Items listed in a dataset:
◇ ◇ ◇ ◇ ◇ ◇ ◇

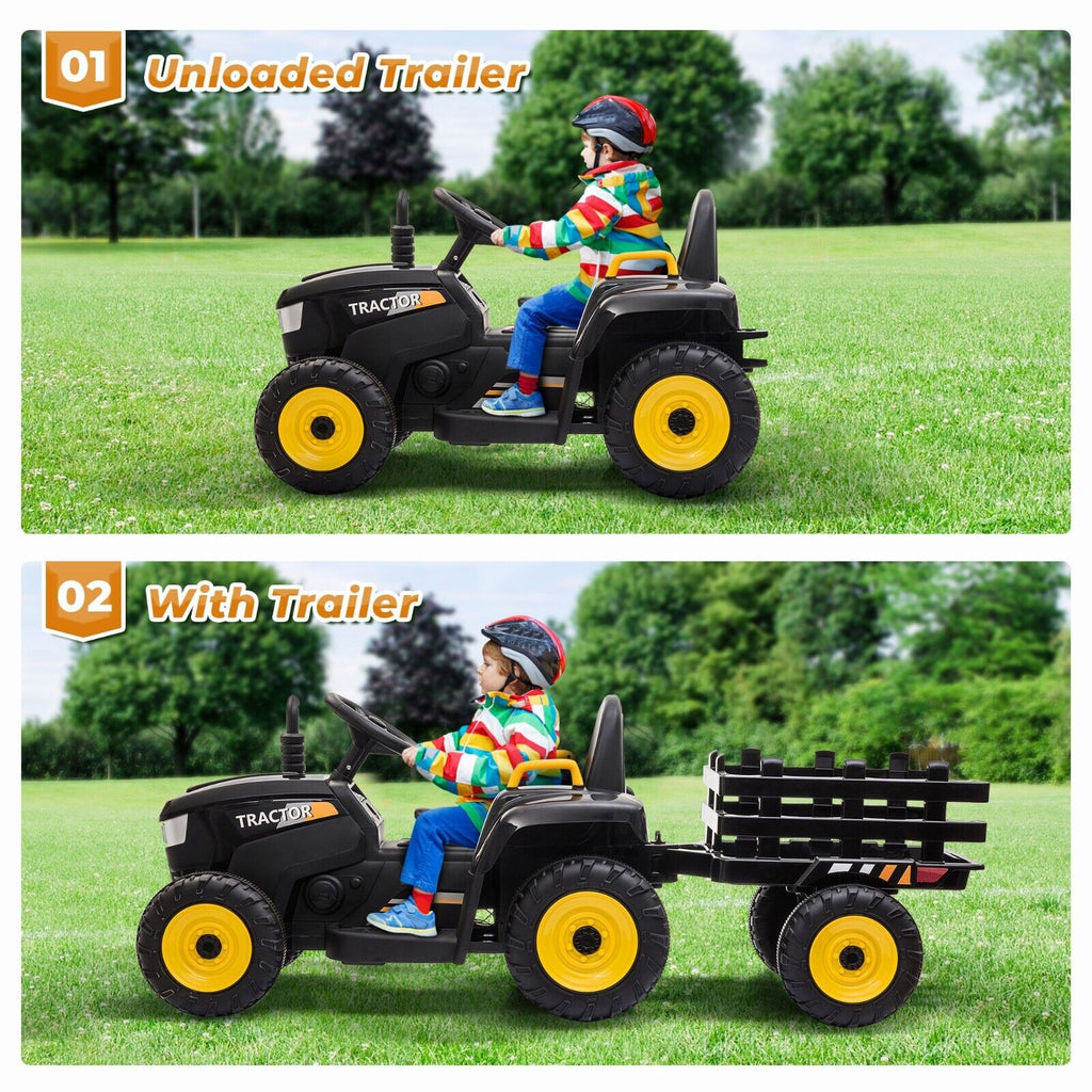 The TOBBI 12V Electric Kids Ride On Tractor with Trailer and Lights is the perfect ride-on toy for your adventurous little ones. With its vibrant yellow and black color scheme, this tractor is sure to catch their attention and spark their imagination.
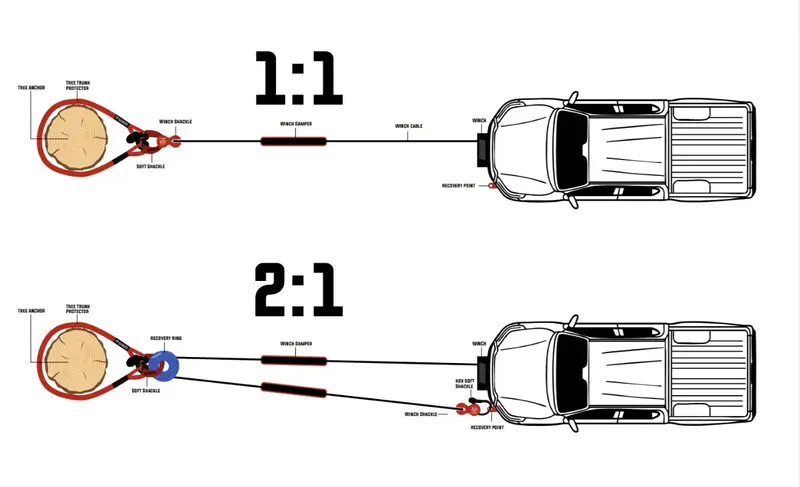 Using a 2:1 setup also halves the load on the winch and rope. It's not just about getting unstuck; it's about extending the life of my gear and reducing the chance of a breakdown when I need it most. And because Saber focuses on soft gear – like the Ring and soft shackles – the risk of flying metal projectiles is dramatically reduced, which makes a huge difference for safety.
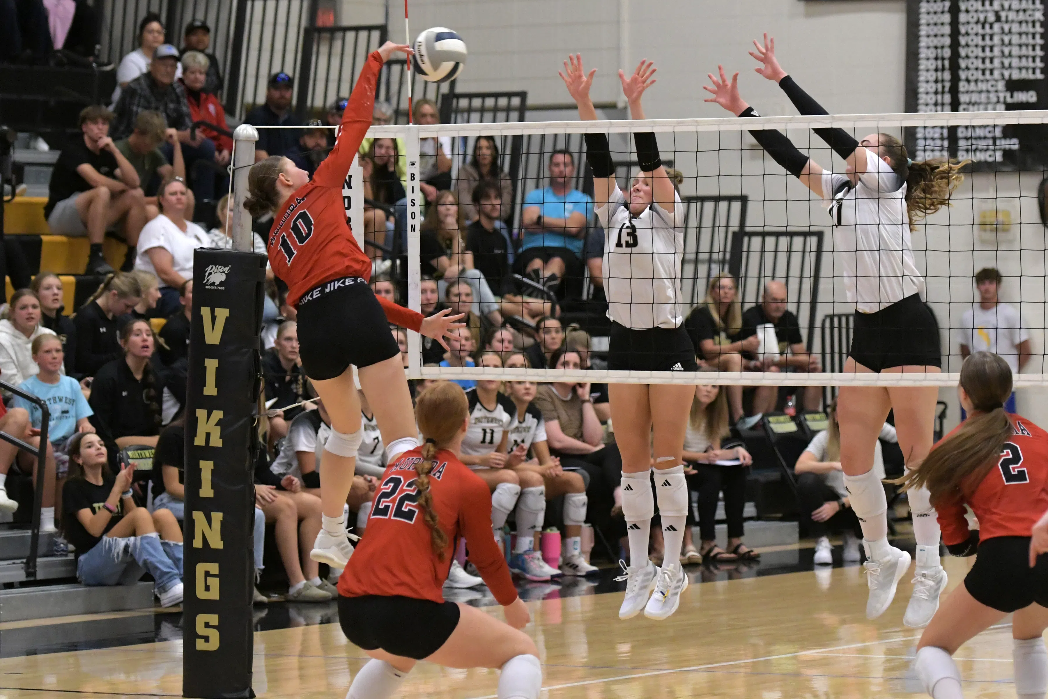 GRAND ISLAND — The Aurora volleyball team earned a four-set road victory over Class B No. 9-ranked (Omaha World-Herald) Northwest 19-25, 25-17, 25-21, 25-23 at Rosencrants Gymnasium during the evening of Tuesday, Sept. 23.
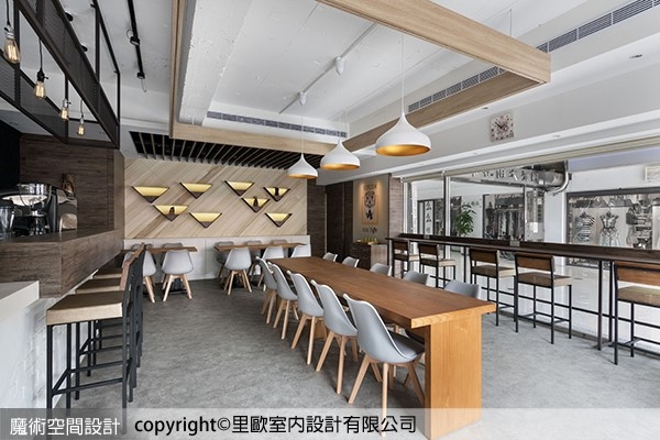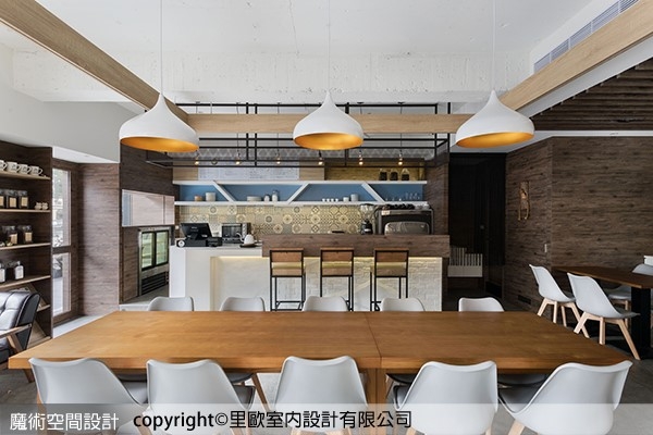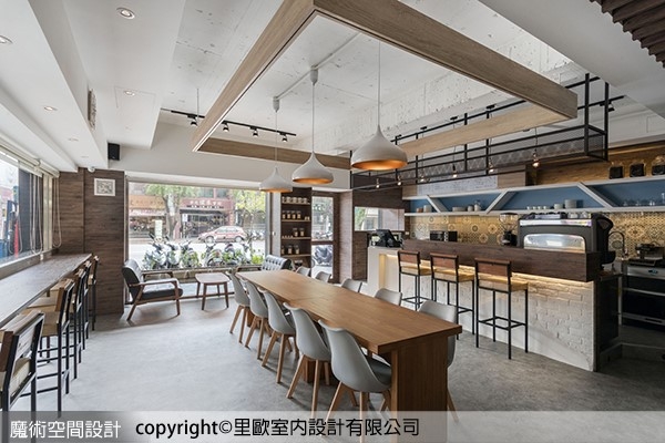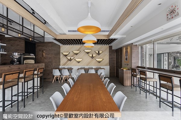 ▲里歐設計偕志宇設計總監以開放方式設計,降低空間的侷促性,圍塑出工作吧台兼具櫃台機能,沙發區、靠窗區、卡座以及團體區域,建立開放而各自機能獨立的區域關係。
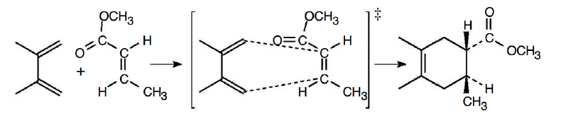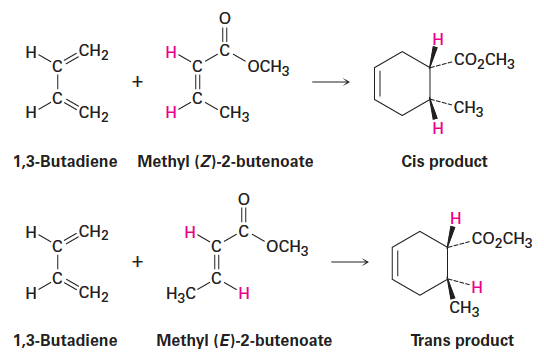 - 트랜스(trans) 다이엔친화체: Methyl (E)-2-butenoate(트랜스 형태)를 반응시키면 생성물에서도 두 치환기가 트랜스 방향으로 위치함.
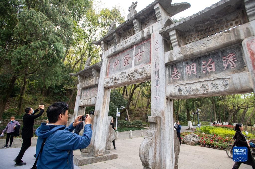 3月21日,游客在湖北省襄陽市古隆中景區游覽。

◇ ◇ ◇ ◇ ◇ ◇ ◇

### Directions
Extract, word for word, every line from the one containing "- 트랜스(trans) 다이엔친화체: Methyl" to the end of the data above, both ends included, and leave out the pictures.

### Exercise answer
 - 트랜스(trans) 다이엔친화체: Methyl (E)-2-butenoate(트랜스 형태)를 반응시키면 생성물에서도 두 치환기가 트랜스 방향으로 위치함.
 3月21日,游客在湖北省襄陽市古隆中景區游覽。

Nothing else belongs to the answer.